What is being asked: In the records below, repeat exactly the lines between the line holding "The substrate is" and the line holding "Site dédié aux", inclusive, and drop the pictures.

Source material:
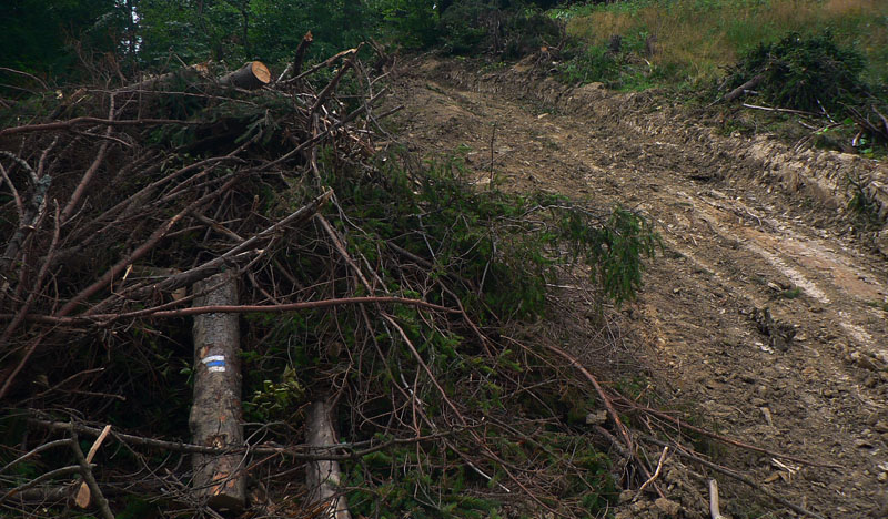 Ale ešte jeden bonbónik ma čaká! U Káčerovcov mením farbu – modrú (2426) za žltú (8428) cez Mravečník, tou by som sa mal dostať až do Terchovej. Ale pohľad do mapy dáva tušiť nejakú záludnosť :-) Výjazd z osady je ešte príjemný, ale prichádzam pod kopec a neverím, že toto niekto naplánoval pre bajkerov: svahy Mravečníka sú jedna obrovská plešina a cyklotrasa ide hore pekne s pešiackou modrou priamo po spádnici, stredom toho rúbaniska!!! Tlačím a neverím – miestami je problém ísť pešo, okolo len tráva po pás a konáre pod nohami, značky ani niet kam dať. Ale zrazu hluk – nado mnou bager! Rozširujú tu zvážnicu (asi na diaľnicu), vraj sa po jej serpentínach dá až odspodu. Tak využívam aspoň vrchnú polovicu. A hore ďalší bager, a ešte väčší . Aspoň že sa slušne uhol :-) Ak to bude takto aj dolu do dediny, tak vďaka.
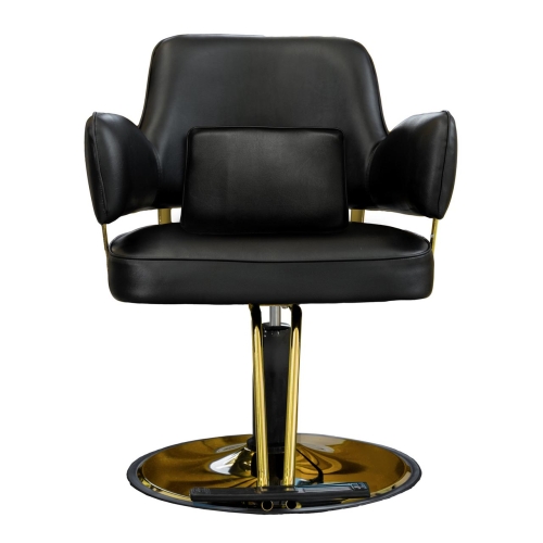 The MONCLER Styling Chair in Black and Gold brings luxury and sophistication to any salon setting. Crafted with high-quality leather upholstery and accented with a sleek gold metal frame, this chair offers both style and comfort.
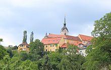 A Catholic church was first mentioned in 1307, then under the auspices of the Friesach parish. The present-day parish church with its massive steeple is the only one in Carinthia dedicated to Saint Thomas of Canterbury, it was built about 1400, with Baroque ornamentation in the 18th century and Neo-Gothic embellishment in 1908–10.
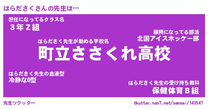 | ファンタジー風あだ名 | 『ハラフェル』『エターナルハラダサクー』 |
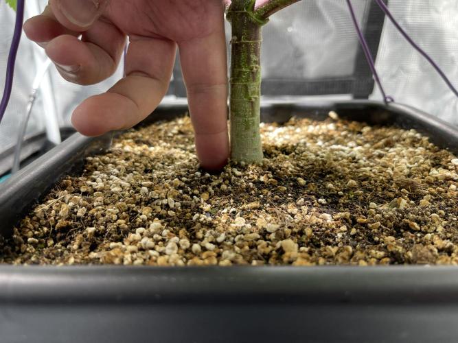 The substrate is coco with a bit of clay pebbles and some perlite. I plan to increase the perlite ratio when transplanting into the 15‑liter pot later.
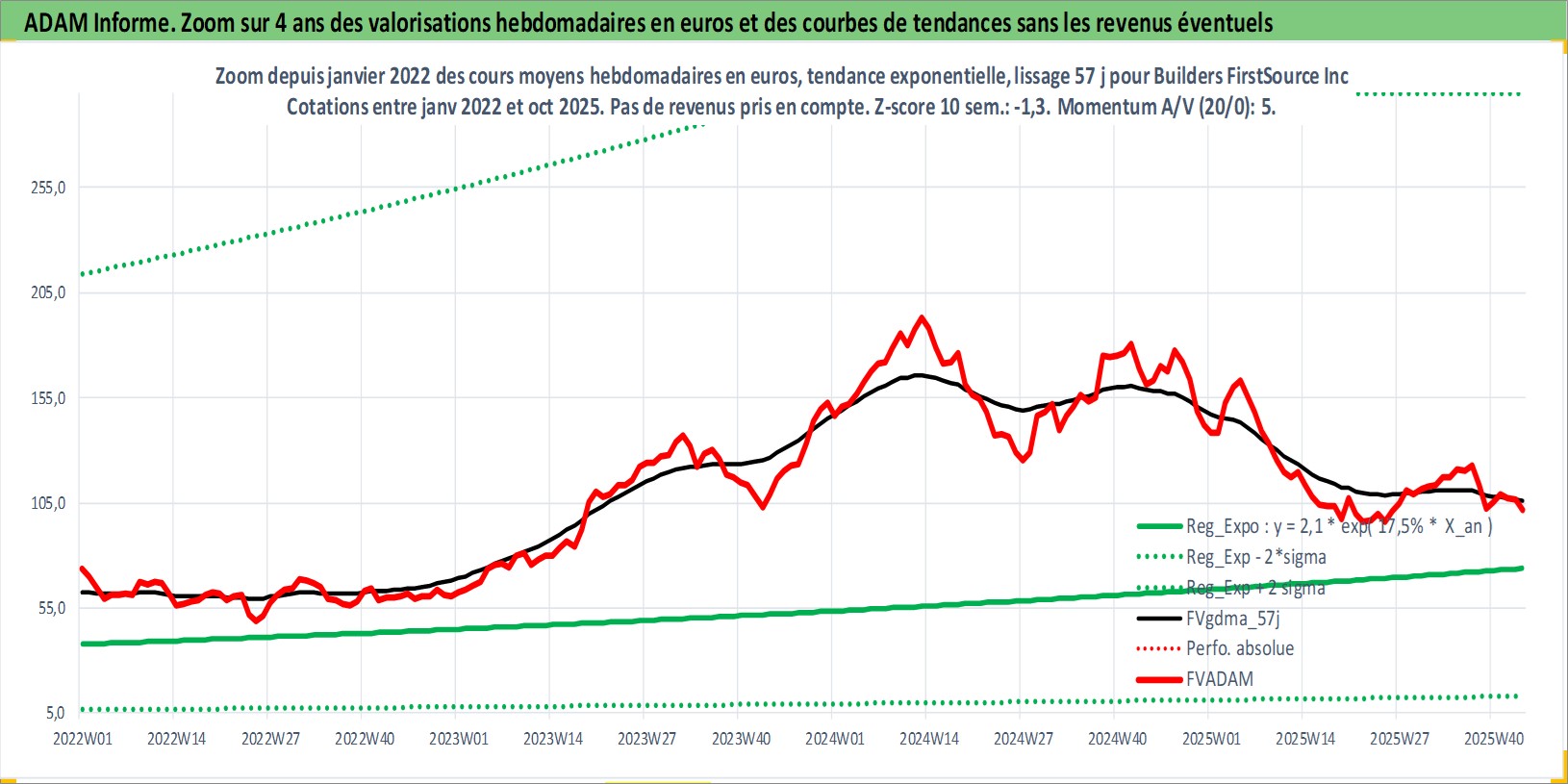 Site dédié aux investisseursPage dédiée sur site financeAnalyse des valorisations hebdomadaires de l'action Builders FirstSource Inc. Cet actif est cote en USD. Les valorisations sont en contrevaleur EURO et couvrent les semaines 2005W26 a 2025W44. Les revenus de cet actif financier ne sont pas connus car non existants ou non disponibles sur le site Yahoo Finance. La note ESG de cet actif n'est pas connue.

--

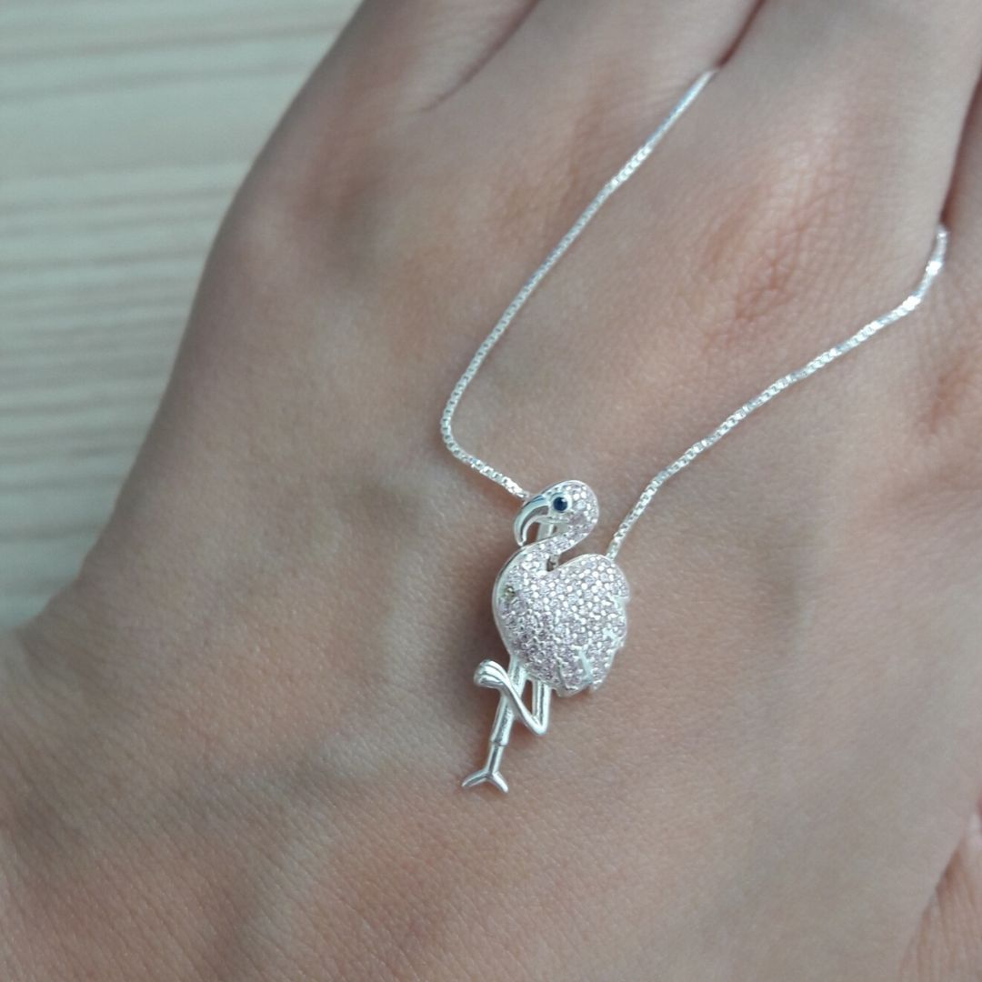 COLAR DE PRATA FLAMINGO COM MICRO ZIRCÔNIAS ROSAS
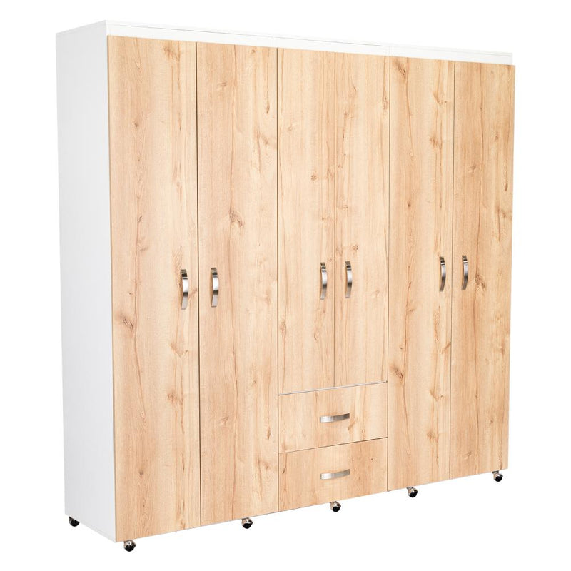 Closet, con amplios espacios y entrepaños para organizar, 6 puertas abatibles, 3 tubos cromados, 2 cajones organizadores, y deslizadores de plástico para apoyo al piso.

--

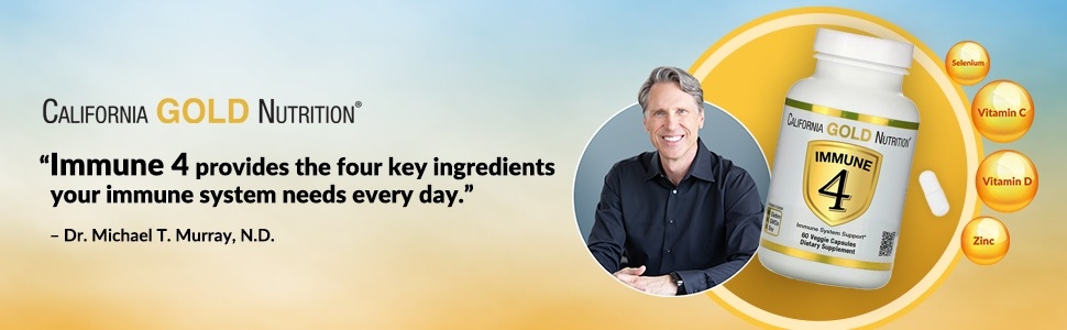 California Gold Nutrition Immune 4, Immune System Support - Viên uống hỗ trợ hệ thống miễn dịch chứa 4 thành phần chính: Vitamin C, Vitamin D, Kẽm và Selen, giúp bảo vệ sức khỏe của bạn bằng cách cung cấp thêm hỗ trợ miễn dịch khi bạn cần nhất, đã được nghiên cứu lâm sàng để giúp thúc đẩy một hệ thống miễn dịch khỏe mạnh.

Task solution:
 The substrate is coco with a bit of clay pebbles and some perlite. I plan to increase the perlite ratio when transplanting into the 15‑liter pot later.
 Site dédié aux investisseursPage dédiée sur site financeAnalyse des valorisations hebdomadaires de l'action Builders FirstSource Inc. Cet actif est cote en USD. Les valorisations sont en contrevaleur EURO et couvrent les semaines 2005W26 a 2025W44. Les revenus de cet actif financier ne sont pas connus car non existants ou non disponibles sur le site Yahoo Finance. La note ESG de cet actif n'est pas connue.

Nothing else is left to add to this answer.